I believe government, regardless of scope, is there to protect our freedom to create the kind of communities we want, voluntarily, as free individuals. It shouldn't be used as a tool to force others to adhere to our vision of the ideal community.
Your earlier post suggested that you would favor the federal government being given authority to prevent states and local communities from making these kinds of deals. You could be right. But I still haven't seen a good argument for why the federal government should be given that authority.
It would be approximately the same argument for giving federal government the right to ban slavery, or Jim Crow laws, or any other violation of basic civil liberties.

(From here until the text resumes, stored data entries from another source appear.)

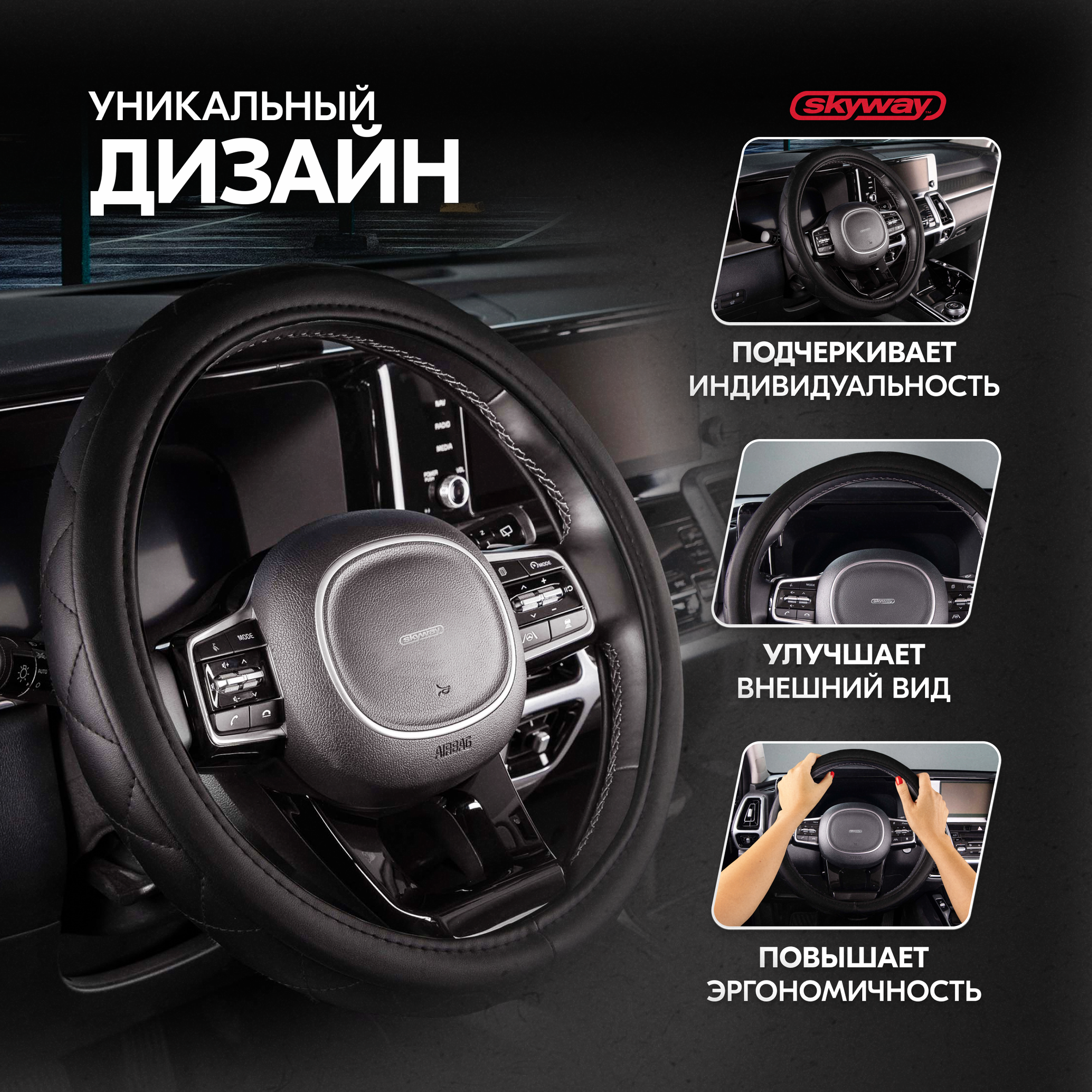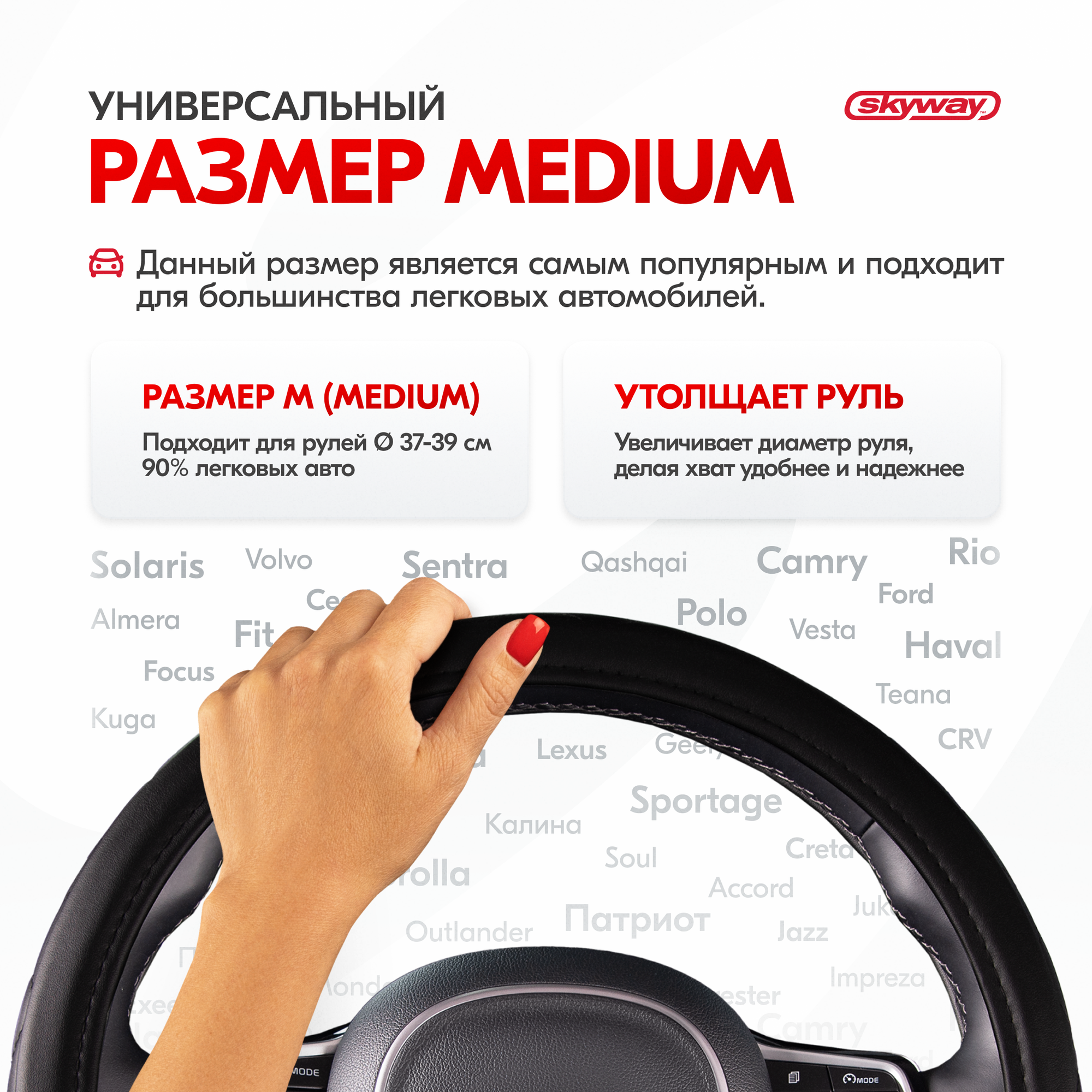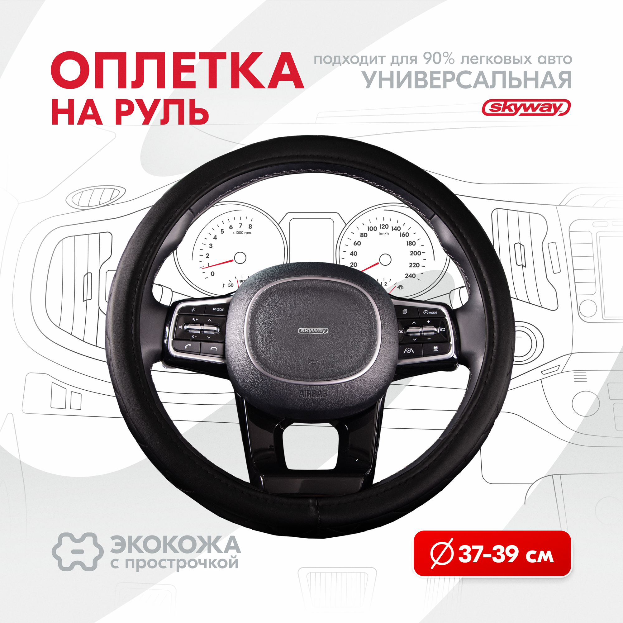 Оплетка SKYWAY "Hit 2" для руля, экокожа, размер M, диаметр 37/38/39 см, S01102054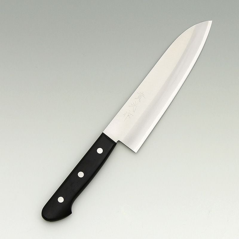 | 用途 | 三徳包丁(さんとくほうちょう)の三徳の意味は「三つの美徳」や「三つの用途」を意味していて、肉、魚、野菜など幅広い材料に対してさまざまな切り方が出来ることをあらわしています。家庭用として非常に一般的な包丁であり、最初の包丁として選ぶのに向いている。 |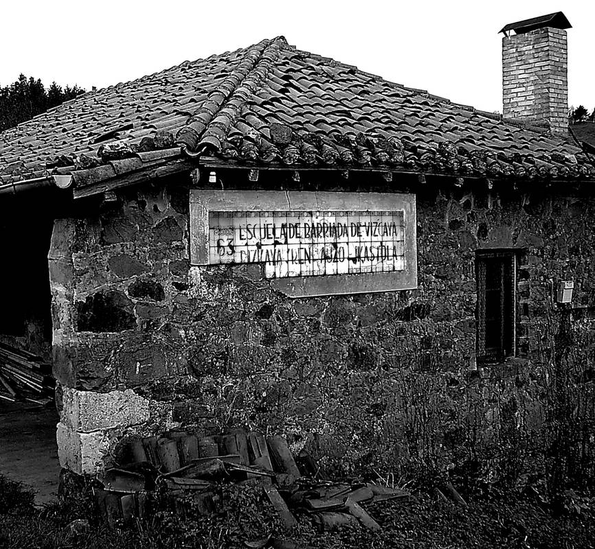 Asterrikako auzo-eskola zenaren eraikinean, idazkun zaharra, apurtuta.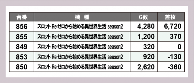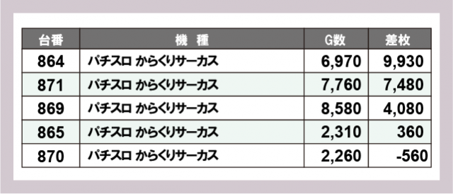 ※差枚数順に掲載しています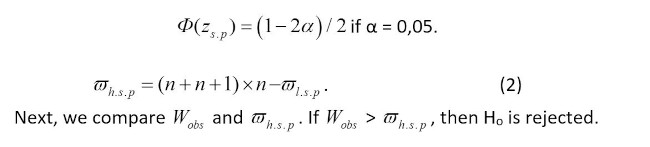 Then, the testing was performed in accordance with the Wilcoxon signed-rank test. We calculated = 980, then found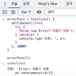 setTimeout() 함수의 콜백 함수에서 발생한 예외를 catch 하기 위해서는 setTimeout() 함수 내부에 try-catch문을 작성합니다.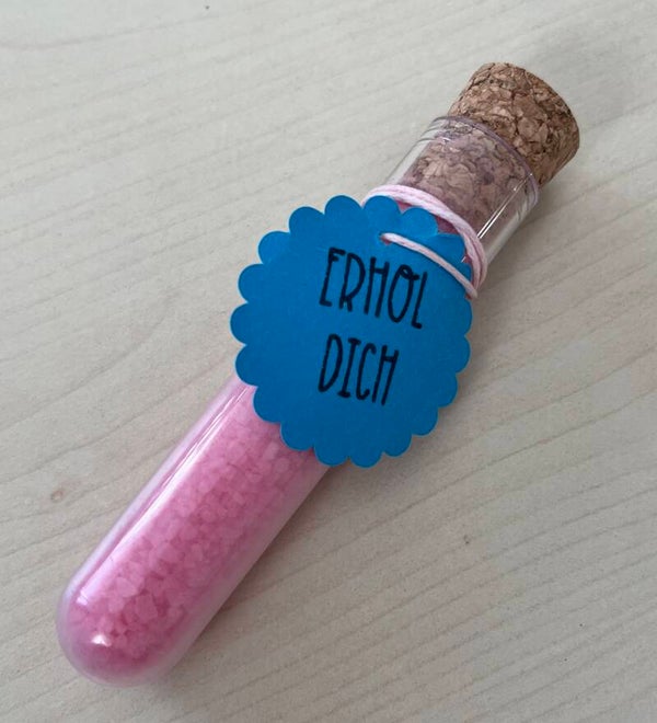 Reagenzgläschen Badesalz Erhol Dich

Again it all comes down to what we mean by liberty and whether we believe liberty is the freedom to be wrong as well as right.
Remember that the federal government not only condoned but encouraged and practiced Jim Crow laws until Harry Truman desegregated the military and then gradually the barriers began coming down. The Supreme Court gave clear consent to the Jim Crow laws in Plessy v Ferguson. Even Abraham Lincoln himself, who was instrumental in abolishing slavery, almost certainly more to save the union than for the benefit of the slaves, believed in segregation as the proper order of things and is on record that he saw the white race as the superior race.
But now fast forward 150 or even 50 years and you find a different American culture with much different perspectives on issues of race and a much different culture than existed in either Lincoln's time or Truman's time. There is no way that more than a teensy minority of Americans anywhere would now agree to restoraton of any form of Jim Crow laws or anything close to that
In a new or improved U.S. Constitution, the federal government should certainly be prohibited from applying any form of favoritism to any person, entity, group, or demographics in its laws, regulation, tax code, or application or enforcement.
But I have a problem with the federal government imposing the same rules on the states. That should be left up to the people in each state to do.
Liberty requires the ability to make wrong choices as well as good ones.
(I personally would not likely choose to live in a state that practiced favoritism to anybody.)